The official story is that Adidas chose values over profits — that it walked away from a billion-dollar franchise on principle. The record underneath says something cooler and more interesting: a company that hesitated under pressure, refused to burn the toxic inventory, and then spent two years selling it down for profit while a separate operational turnaround quietly did the real work of survival.

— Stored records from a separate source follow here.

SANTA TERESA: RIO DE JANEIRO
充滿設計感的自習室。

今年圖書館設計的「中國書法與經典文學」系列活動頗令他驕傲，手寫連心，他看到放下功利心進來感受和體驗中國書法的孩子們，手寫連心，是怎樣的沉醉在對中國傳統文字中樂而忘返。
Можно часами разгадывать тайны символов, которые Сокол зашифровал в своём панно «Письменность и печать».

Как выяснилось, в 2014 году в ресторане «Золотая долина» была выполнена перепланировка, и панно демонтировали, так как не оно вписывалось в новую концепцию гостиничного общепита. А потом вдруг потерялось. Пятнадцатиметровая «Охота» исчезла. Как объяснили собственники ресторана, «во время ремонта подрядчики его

The 19 days that the headline forgot
Adidas had been making Yeezys a long time. The deal was confirmed in December 2013, but the first sneaker — the Yeezy Boost 750 — didn't reach shelves until February 2015.1 Almost a decade later it had become one of the most lucrative collaborations in footwear: more than €1,200 million in revenue in 2022 alone.4 That scale is exactly why the response was slow. Walking away meant walking away from a line that, against total group revenue, was a meaningful single-digit slice of the business — large enough to hurt, not so large that it was unthinkable to lose. The 'under review' holding pattern wasn't cowardice so much as arithmetic: Adidas was pricing the cost of conscience before it spent any. The termination came only after that price was visible and the external pressure made the math impossible to keep deferring.

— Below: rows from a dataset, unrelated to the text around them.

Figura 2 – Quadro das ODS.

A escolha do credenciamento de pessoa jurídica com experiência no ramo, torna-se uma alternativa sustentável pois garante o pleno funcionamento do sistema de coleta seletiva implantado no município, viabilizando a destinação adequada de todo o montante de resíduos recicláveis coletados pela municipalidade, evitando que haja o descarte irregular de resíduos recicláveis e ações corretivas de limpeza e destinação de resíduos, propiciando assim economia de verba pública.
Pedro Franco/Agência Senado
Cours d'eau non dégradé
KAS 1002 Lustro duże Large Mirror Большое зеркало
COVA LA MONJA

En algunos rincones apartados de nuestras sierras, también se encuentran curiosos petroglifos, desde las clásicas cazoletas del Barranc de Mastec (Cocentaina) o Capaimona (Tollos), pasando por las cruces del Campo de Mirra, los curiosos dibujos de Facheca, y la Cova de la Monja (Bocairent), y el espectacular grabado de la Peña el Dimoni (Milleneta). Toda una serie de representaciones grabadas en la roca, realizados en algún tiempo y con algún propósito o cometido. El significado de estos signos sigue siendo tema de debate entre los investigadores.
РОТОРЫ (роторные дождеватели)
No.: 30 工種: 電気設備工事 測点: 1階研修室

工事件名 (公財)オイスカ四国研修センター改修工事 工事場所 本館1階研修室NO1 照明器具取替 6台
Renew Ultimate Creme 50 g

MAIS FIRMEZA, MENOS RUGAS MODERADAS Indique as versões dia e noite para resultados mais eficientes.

“We do not tolerate antisemitism and any other sort of hate speech... after a thorough review, the company has taken the decision to terminate the partnership with Ye immediately.”2
It kept the shoes — and that was the strategy
Here is the move almost no one remembers correctly. Adidas did not destroy the Yeezys. It would have been the cleanest moral gesture available — incinerate the inventory, eat the loss, close the chapter. Instead the company explicitly decided not to write off most of its Yeezy stockpile, and ran phased liquidation drops through 2023 and 2024.5 The 2023 sales generated roughly €750 million in revenue and about €300 million in operating profit; the remaining stock was sold down for about €650 million across 2024, when the program was concluded.56 The actual write-off was a 'low-double-digit million euro' rounding error against all of that.5 A crisis-response that looked like a bonfire was, in the ledger, a controlled clearance sale of a product the company had publicly disowned.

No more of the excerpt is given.